43P - miR31-3p expression in patients with advanced lepidic adenocarcinoma (L-ADC) treated with EGFR TKI in IFCT 0401 and 0504 trials

Date 17 April 2015
Event ELCC 2015
Session Poster lunch
Topics Non-Small-Cell Lung Cancer, Metastatic
Translational Research
Presenter Raphaele Thiebaut
Citation Annals of Oncology (2015) 26 (suppl_1): 10-14. 10.1093/annonc/mdv045
Authors R. Thiebaut1, M. Wislez2, C. Vazart1, V. Decaulne1, J. Mazieres3, S. Friard4, P. Merle5, F. Morin6, F. Liebaert1, J. Cadranel2
  • 1-, IntegraGen, 91000 - Evry/FR
  • 2Pneumologie, APHP, CancerEst, Tenon University Hospital, Paris/FR
  • 3Thoracic Oncology, Hôpital Larrey, Centre Hospitalier Universitaire de Toulouse, Toulouse/FR
  • 4Pneumologie, Hôpital Foch, Suresnes/FR
  • 5Pneumologie, CHU, Clermont-Ferrand/FR
  • 6-, Intergroupe Francophone de Cancérologie Thoracique (IFCT), Paris/FR



miR31-3p expression has been associated with progression-free survival (PFS) in patients with RAS wild-type (WT) metastatic colorectal cancer (mCRC) treated with anti-EGFR. It has been shown that this microRNA might be involved in EGFR pathway. In this study, we evaluate miR31-3p expression in patients with advanced L-ADC treated with EGFR TKI.
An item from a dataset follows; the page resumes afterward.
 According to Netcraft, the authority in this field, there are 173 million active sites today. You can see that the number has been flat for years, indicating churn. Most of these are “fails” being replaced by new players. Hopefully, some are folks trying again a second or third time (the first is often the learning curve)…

miR31-3p expression was measured by RTQPCR in FFPE primary tumor samples from 48 patients with advanced L-ADC from two randomized phase II trials. All patients were first-line treated by gefitinib in IFCT-0401 (n = 22) or by erlotinib or paclitaxel plus carboplatin in IFCT-0504 (n = 26) with treatment cross-over after progression or toxicity. Effect of miR31-3p expression level on overall survival (OS), progression free survival (PFS) and disease control rate (DCR) was tested using a Cox proportional hazards model. To enlarge the population, a merged data-set was built by pooling patients treated in first-line by EGFR TKI (gefitinib, n = 22; erlotinib, n = 10). Histologic subtype was taken into account to compare effects of miR31-3p in the mucinous (MUC) versus non-mucinous (NMUC) subtypes. A p value <0.1 was considered as significant.
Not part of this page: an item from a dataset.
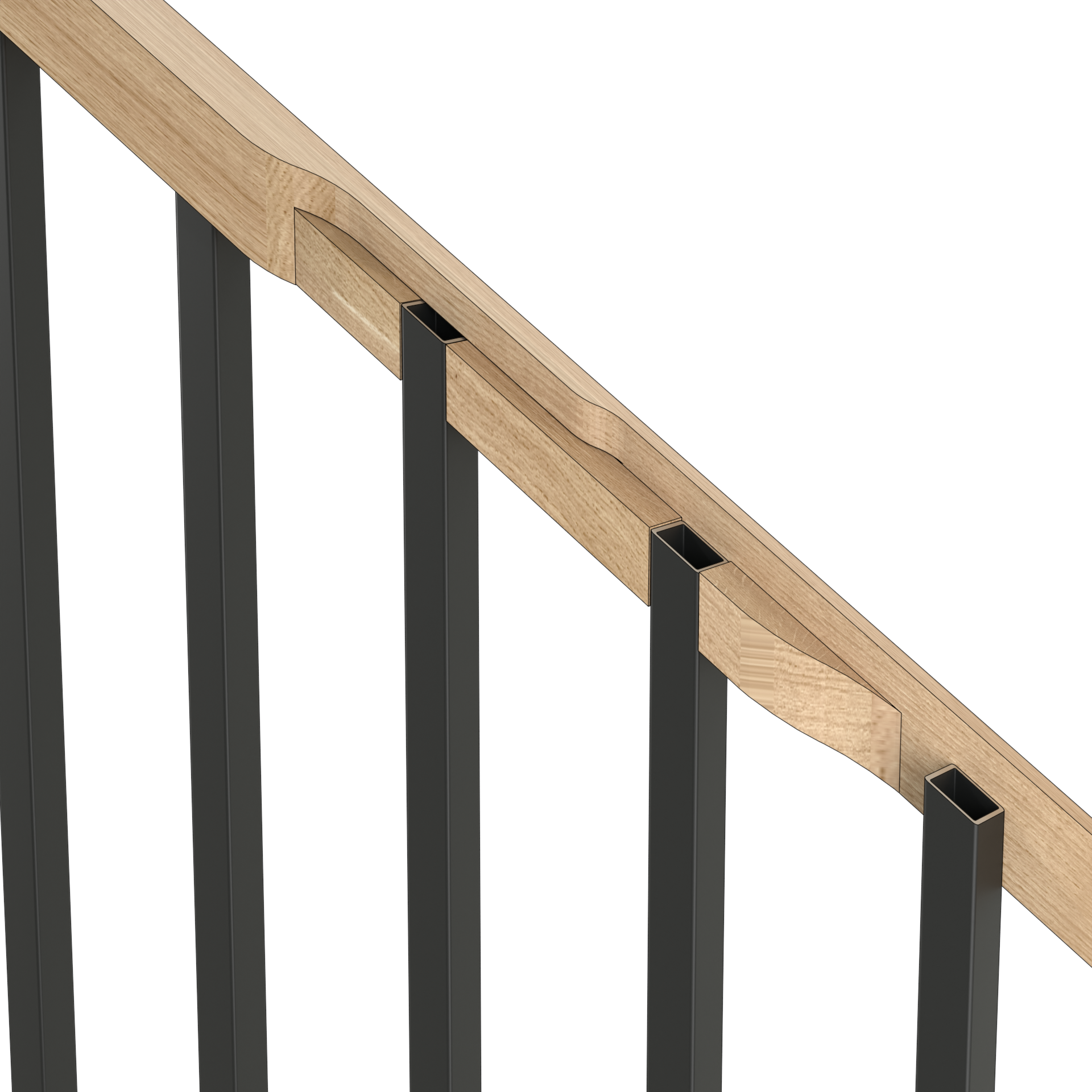 Abb. 2 Querschnitt, der die Montageart des Handlaufs an den Balustraden eines geneigten Treppengeländers zeigt (Balustraden im oberen Bereich schräg angeschnitten).

Distribution of miR31-3p expression was comparable in both trials. Considering histological subtype, patients with NMUC tumors showed a significantly lower miR31-3p expression than patients with MUC tumors (p = 0.004). In merged data set, we observed a strong correlation between level of mucine expression in tumor cells assessed by PAS coloration and miR31-3p expression (spearman correlation:0.73; p = 0.0002). Expression of miR31-3p was significantly predictive of DCR (OR = 1.49, p = 0.03). In patients with NMUC tumors, a significant effect of miR31-3p expression was observed in OS (HR = 1.49; p = 0.08).


We showed that in NMUC tumors, expression of miR31-3p was lower than in MUC tumors and that miR31-3p expression has a significant effect on OS in patients treated with EGFR TKI. We showed an effect of miR31-3p expression on DCR in the merged dataset. These results are consistent with those observed in mCRC, and hint that miR31-3p could be marker of interest in L-ADC patients treated with TKI.


R. Thiebaut: Employee of IntegraGen SA; Title: Geneticist, Project Manager.

C. Vazart and V. Decaulne: Employee of IntegraGen SA; Title: Lab Technician.

F. Liebaert: Employee of IntegraGen SA; Title: VP of R&D and Medical Affairs Stock Ownership: IntegraGen SA.

All other authors have declared no conflicts of interest.